Compromise bill to address Permanent Fund unveiled in Juneau

(KTUU)
Published: May. 2, 2018 at 3:43 PM AKDT
Email This Link
Share on Pinterest
Share on LinkedIn

The final compromise to end the current legislative session began to emerge Wednesday in Juneau on Day 107 in the form of a new version of Senate Bill 26, a bill that’s been labeled as the state’s fiscal plan.

The new version that emerged Wednesday from a joint House-Senate conference committee was solely a Permanent Fund solution to the financial crisis.

In a joint statement announcing the new version, committee leaders declared victory over the crisis.

The latest Senate Bill 26 would use Permanent Fund earnings for state government expenses years into the future.

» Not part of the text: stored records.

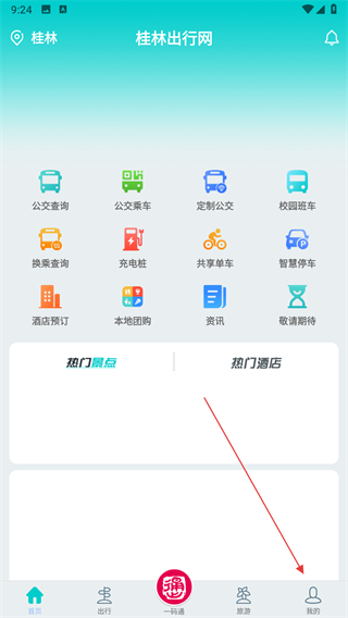 1、打開桂林出行網(wǎng)APP,點擊我的選項,進入個人頁面。
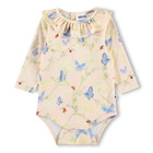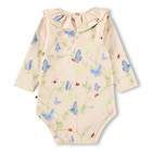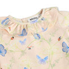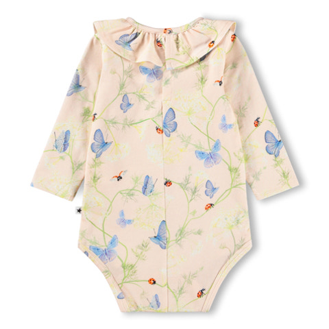 Freya Langærmet Body - Butterflys Cloud fra Molo er en yndig body til de mindste, der kombinerer komfort med et charmerende design. Bodyen er fremstillet i en blød og strækbar kvalitet, der sikrer optimal bevægelsesfrihed og komfort for barnet hele dagen. Det fine print med blå sommerfugle og små mariehøner på en lys baggrund giver et frisk og legende udtryk, som passer perfekt til både hverdag og festlige lejligheder. Den søde krave med flæser tilføjer et ekstra feminint touch, og de lange ærmer gør bodyen velegnet til både kølige og mildere dage. Bodyen har praktisk trykknaplukning i bunden, hvilket gør det nemt og hurtigt at skifte ble, og den elastiske halsudskæring sikrer, at bodyen er let at tage af og på. Materialet består af 95% bomuld og 5% elastan, hvilket gør bodyen både åndbar og behagelig mod den sarte babyhud. Freya bodyen er et oplagt valg til dig, der ønsker kvalitet og et sødt design til dit barn.
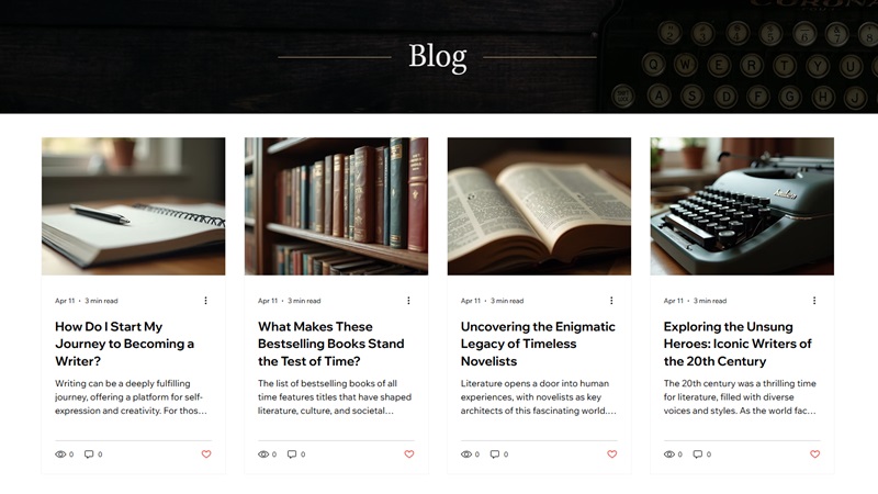 The Wix Writer & Author template delivers a clean, magazine-style blog feed. Perfect for sharing author insights, writing journeys, book recommendations, or sneak peeks.
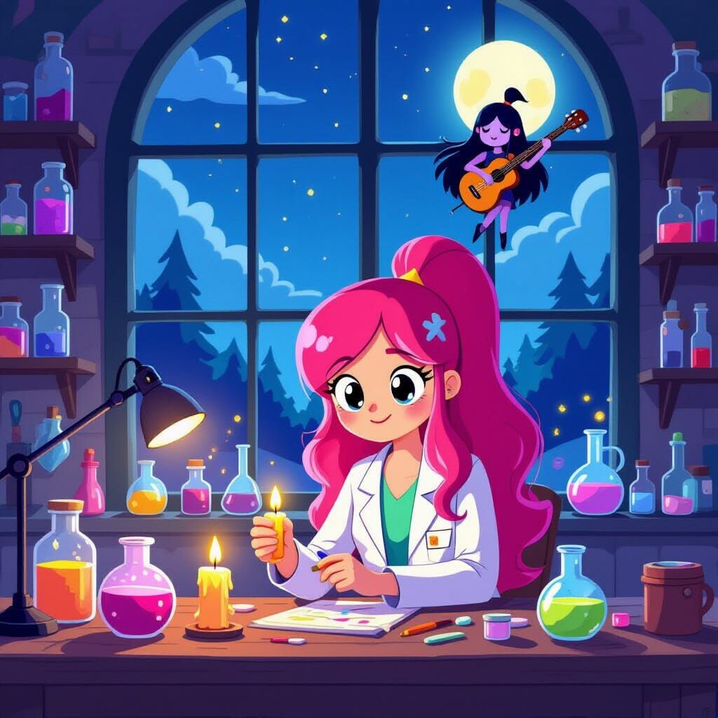 This image shows Princess Bubblegum making colorful candles in her workshop at night, with Marceline floating outside the window. Rendered in a whimsical, illustrative style.
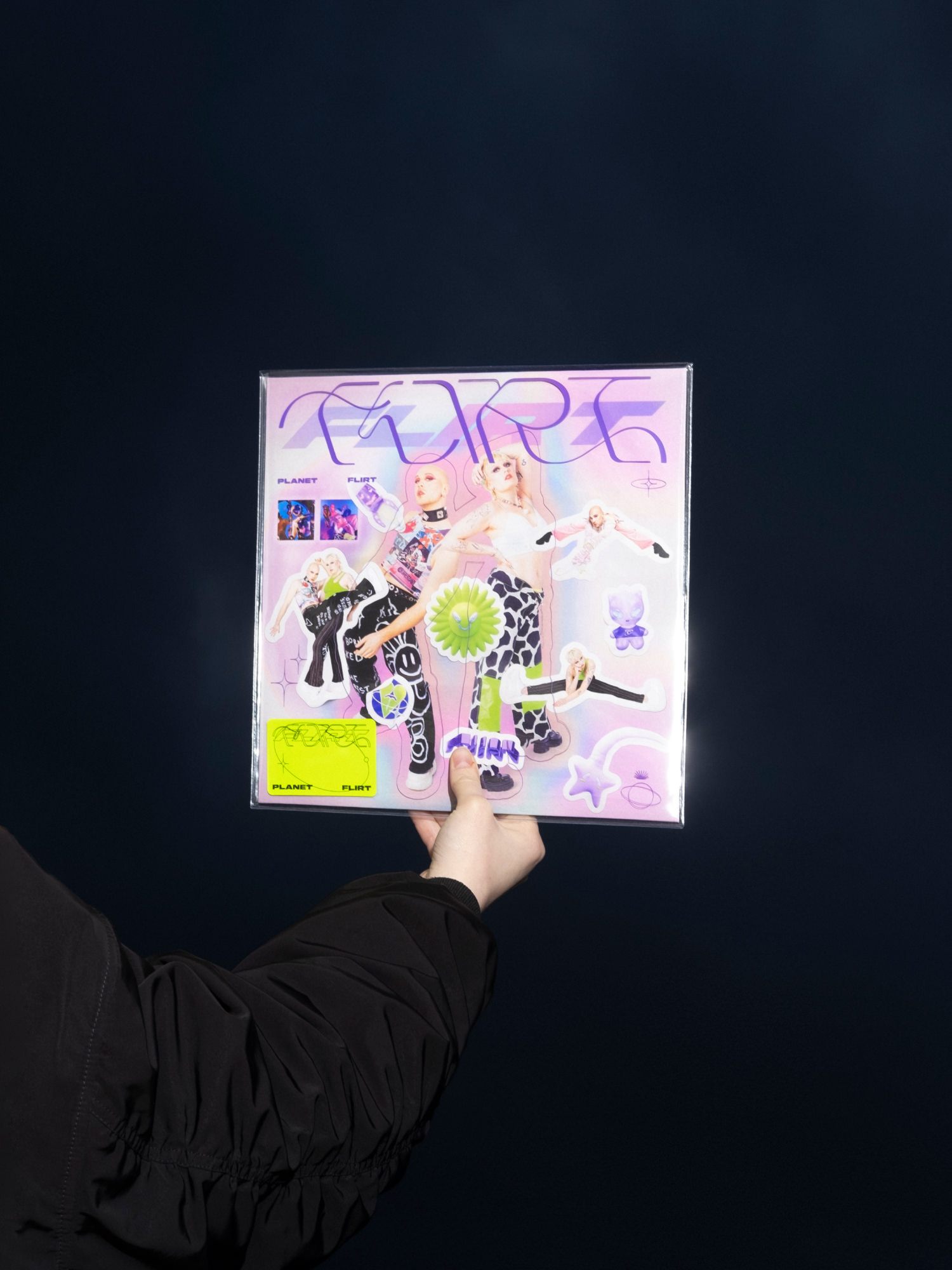Flirt ist ein queeres Pop-Duo aus Hamburg. Im Zuge des Album-Releases von Planet FLIRT entstand die Website und die Gestaltung der Vinyl. Im Mittelpunkt steht das Arbeiten mit unterschiedlichen Materialien, welche teils bedruckt, teils beklebt werden. Dieses gestalterische Spiel von verschiedenen Ebenen formt den einzigartig exzessiven Look, welcher durch den Einsatz einer ausgefallenen Schriftmischung und plakativen 3D-Elementen unterstützt wird. So gelingt es das Hörerlebnis der Musik des Duos auch visuell erfahrbar zu machen.
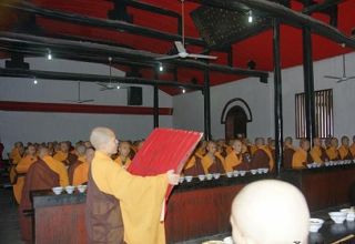 这个同学尽心尽力跑到厨房里面去做,我们也给他说,最好有机会跑来也去学,这个会话,因为将来师长、同学大家都学藏文了,将来我不学怎么办呢?厨房必须花很多精神,你们没做过不知道。做少了吃不够不好,做多了剩下来又不好;诸如此类,又要顾及营养,又要顾及惜福,又要顾及这个,又要顾及那个……一大堆,所以自然而然……你们没有做不知道,等到有一天你们自己做了,你们才晓得有多辛苦!结果他因为做完了以后,他学得就不如别人。人家就跑过来,“大家比一比啊”,实际上这也是我们这里希望同学当中(通过这种方式)好好地增上。结果他一比嘛,他当然差了,人家就笑他,“你怎么这么差劲?”不但这样说他,而且显然地很轻视的态度,对他(讲)很难堪的话。这个法师第一个念头起来……
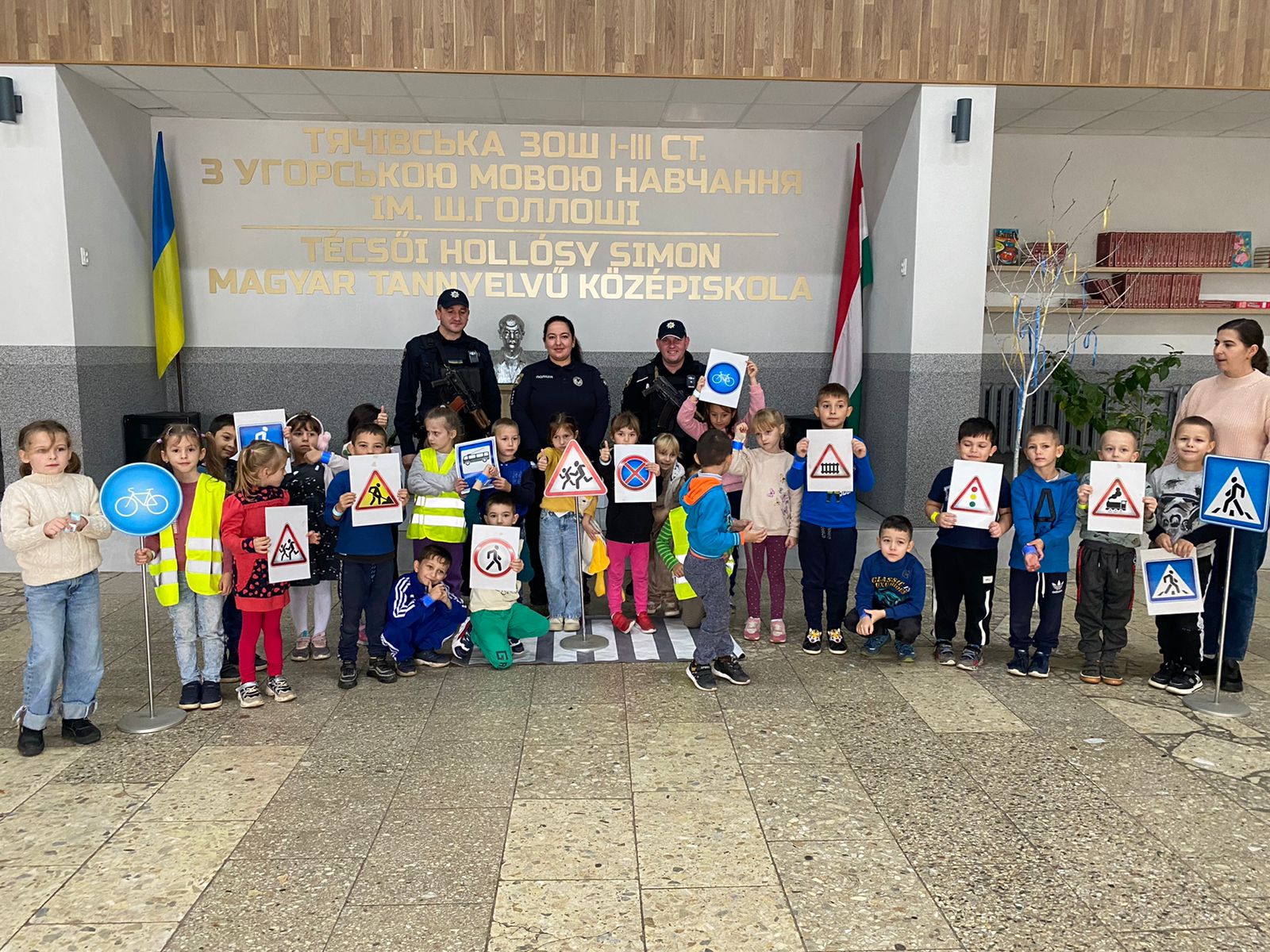 До учнів початкових класів Тячівської ЗОШ І-ІІІ ступенів імені Ш. Голлоші у гості завітали співробітники Тячівського районного відділу поліції. Для малят поліцейські провели урок з дорожньої грамоти та подарували діткам світлоповертальні стрічки, які допоможуть їм бути помітними у темряві

With oil prices and production down from their peaks, the Permanent Fund, built largely from oil leases and tax-case settlements, is taking over from oil taxes in providing revenue for the state. Alaska is alone in the nation with neither a state income tax nor a state sales tax, and it’s the only state that sends an annual check to its residents.

The conference committee was invoked last year to resolve differences in Senate Bill 26 as approved by the House and Senate, but the committee didn’t meet until this year.

The new version of the bill removed two controversial provisions of earlier ones. Gone from the House version was a new tax. Gone from the Senate version was a spending cap. The House now has a separate bill to increase oil taxes. The Senate in March passed and sent to the House a standalone spending cap bill with similar limits as Senate Bill 26.

With both major components gone from Senate Bill 26, there wasn’t much left. But the conferees still found more to cut.

They took out a directive that had ordered a specific proportional split in the use of Permanent Fund earnings — with most going to state government operations and a smaller amount for Alaskans’ Permanent Fund dividends.

Instead, the conference committee version takes 5¼ percent of the fund’s total value from the earnings reserve, leaving future legislators to decide how to split it up between government and dividends. After three years, the rate decreases to 5 percent.

The 2019 operating budget, also in a conference committee, relies on a similar 5¼ percent “draw” from the Permanent Fund’s investment earnings. (The Alaska Constitution prevents the Legislature from touching the principle of the fund, but not its earnings.) Both House and Senate versions of the operating budget would spend about $1 billion on dividends, yielding a $1,600 dividend check for Alaskans, and $1.7 billion for state operations.

The new version of SB 26 still needs to be approved by the conference committee. It would then be subject to votes of the House and Senate.

Republican Sen. Anna MacKinnon, co-chair of the Senate Finance Committee and a member of the conference committee, praised the new version as “a structured, rules-based withdrawal mechanism to allow some Permanent Fund earnings to help support state government and essential services.” She described that kind of effort as “the single most important action we can take to resolve our state fiscal problems.”

Democratic Rep. Neal Foster, co-chair of the House Finance Committee and also a member of the conference committee, said the bill uses “an endowment model to protect the Permanent Fund and future dividends.”